В начале ноября, когда прошло всего лишь три недели с тех пор, как мы покинули Лондон, а казалось, будто прошло три месяца, мы приехали в Нью-Йорк на двухнедельный сезон в «Манхэттен-опера», которым руководил мистер Оскар Хаммерштайн. Должны были состояться премьеры нескольких балетов, поскольку Сол Юрок, наш импресарио, настаивал на чем-нибудь свежем, чтобы возбудить аппетит утонченной нью-йоркской публики. Прежде всего балет, первоначально исполнявшийся в Париже под названием «Bagatelle»[21], который мы репетировали в Лондоне, «Козлоногие» на музыку Саца. Мы часто называли его «Сац» без особой на то причины. «Очень странный балет, – написал я матери. – Но, думаю, обещает быть приятным. Мы все фавны, а мадам – нимфа, и мы сражаемся за нее». Я был очень взволнован, так как считал свою роль чрезвычайно ответственной для новичка. В самом начале балета я должен был внезапно выскочить из-за скалы, позже я сражался с мадам и Новицким, который исполнял роль одного из множества фавнов. Двое из нас должны были ее поднять! Я держал ее за ноги, и мы бежали по сцене, подняв ее высоко над головами. Я гордился собой, как никогда, но в то же время испытывал ужас. «Козлоногие» представляли собой захватывающее зрелище еще и потому, что сцена сверкала красным закатом и небо постепенно меняло цвет. Нам это нравилось, и у нас возникло чувство, что мы наконец-то в настоящем театре. Но как ни странно, балет сочли слишком «модернистским» для Нью-Йорка, и после двух исполнений он сошел с репертуара.

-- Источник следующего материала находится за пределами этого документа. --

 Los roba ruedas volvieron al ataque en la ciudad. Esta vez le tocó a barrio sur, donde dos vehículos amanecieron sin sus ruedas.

Премьера «Диониса» прошла с большим успехом, а выступление мадам вызвало настоящую овацию. Сначала я удивлялся, почему она так любит Америку, но теперь начал понимать – она имела там потрясающий успех. «Дионис» был необычным балетом. Мне не понравилась музыка Черепнина, не могу понять почему, ведь я всегда любил современную музыку; сейчас я вспоминаю его как чрезвычайно красивый балет. Оформление было выдержано в стиле модерн. Декорации писали братья де Липски, держа перед глазами сначала синий, потом красный желатин, так как этот балет заключал в себя изобретенную де Липски идею об изменении декорации путем перемены освещения. Они писали не на специальной раме художника-декоратора, хотя в «Опера-Хаус» таковая имелась, но декорации были расстелены по сцене (это означало, что мы не могли репетировать), а они ходили вокруг с длинными кистями. На нас произвело огромное впечатление это новаторство и ничуть не смешило, что приходилось красить губы черным, чтобы надлежащим образом выглядеть при красном свете. Эту идею кто-то позаимствовал прежде, чем де Липски успели ее запатентовать, и этот прием стал широко использоваться как эффектное оформление в ревю. В «Дионисе» был ряд прелестных моментов, особенно танец-бодрствование Павловой в первой сцене, когда она, облаченная в одеяние жрицы со множеством покрывал, танцует с греческой лампой. Казалось, она плыла над сценой, ее одеяния, словно шлейф тумана, обволакивали ее движения, а лампа высвечивала выражение напряженной преданности на ее лице. Сюжет балета вкратце таков: по окончании вечерних ритуалов молодую жрицу оставляют бодрствовать у статуи Диониса. Уснув у подножия статуи, она видит сон, будто Дионис спускается со своего пьедестала и отвечает взаимностью на любовь, которую она питает к нему. Храм превращается в священную рощу в фантастическом саду, где танцуют вместе бог и жрица. На заре возвращаются остальные жрицы и находят ее приникшей к статуе и одетой лишь в хитон и сандалии, а остальные одеяния и покрывала лежат на земле. Дневной свет заливает храм, и ее, погруженную в транс, уводят. Статуя бога оживала с громким взрывом, и однажды в «Манхэттен-опера» после взрыва бумажные розы вокруг курильницы загорелись. Мы стояли за кулисами, смотрели pas de deux и очень волновались, поскольку Павлова танцевала, не обращая внимания на опасность. К счастью, цветы сгорели, и пламя не распространилось дальше, иначе возникла бы большая паника, но, похоже, публика не заметила ничего подозрительного.